Citi economist Kit Wei Zheng noted that figures were consistent with the 19 per cent seasonally adjusted month-on-month plunge in non-oil retained imports of intermediate goods last month.

He said that the weak industrial production results despite stronger recovery in NODX 'suggests manufacturers remain cautious amid limited demand visibility'. 'For now, export data is improving faster than production data . . . reinforcing the view that while export demand is stabilising, manufacturers do not yet have the confidence to ramp up production, but are instead meeting export demand by drawing down on inventory.'

Mr Kit noted that Q1 GDP figures could see an upward revision to -10.7 per cent, from initial advance estimates of 11.7 per cent contraction released earlier this month by the government as production for the quarter was somewhat higher than the 29 per cent fall in the government's forecast.
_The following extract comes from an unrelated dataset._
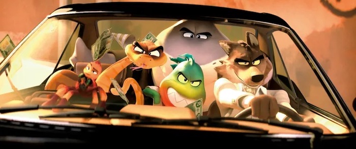 Dreamworks reportedly hopes to develop this animated feature into a franchise, but so much of it is pastiche that it might be difficult to pass off as original. The premise is that the heroes are not only “bad guys” in movie parlance, but animals that tend to have a negative image in real life: snakes, piranha, tarantulas, sharks. The head of this motley crew of criminals is a wolf voiced by Sam Rockwell at his sleaziest, and while wolves have generally been rehabilitated in recent decades through the services of environmental groups (as have sharks, even though they still kill people), the movie appropriates the old Hollywood cliche of wolves, meaning guys on the make, especially when it comes to their approach to women.

The EDB said that the electronics sector, as expected, was a main factor in the decline, falling 34.6 per cent year-on-year for an almost 40 per cent drop in Q1. Biomedical output also disappointed, contracting 54.8 per cent from last March, for a near 30 per cent decline in the quarter.

'Pharmaceuticals are once again giving reason for concern,' said Mr Prior-Wandesforde.

Transport engineering rose just one per cent while general manufacturing was down 10.5 per cent, in year-on-year terms. Chemicals contracted 22.7 per cent and precision engineering fell 29.6 per cent.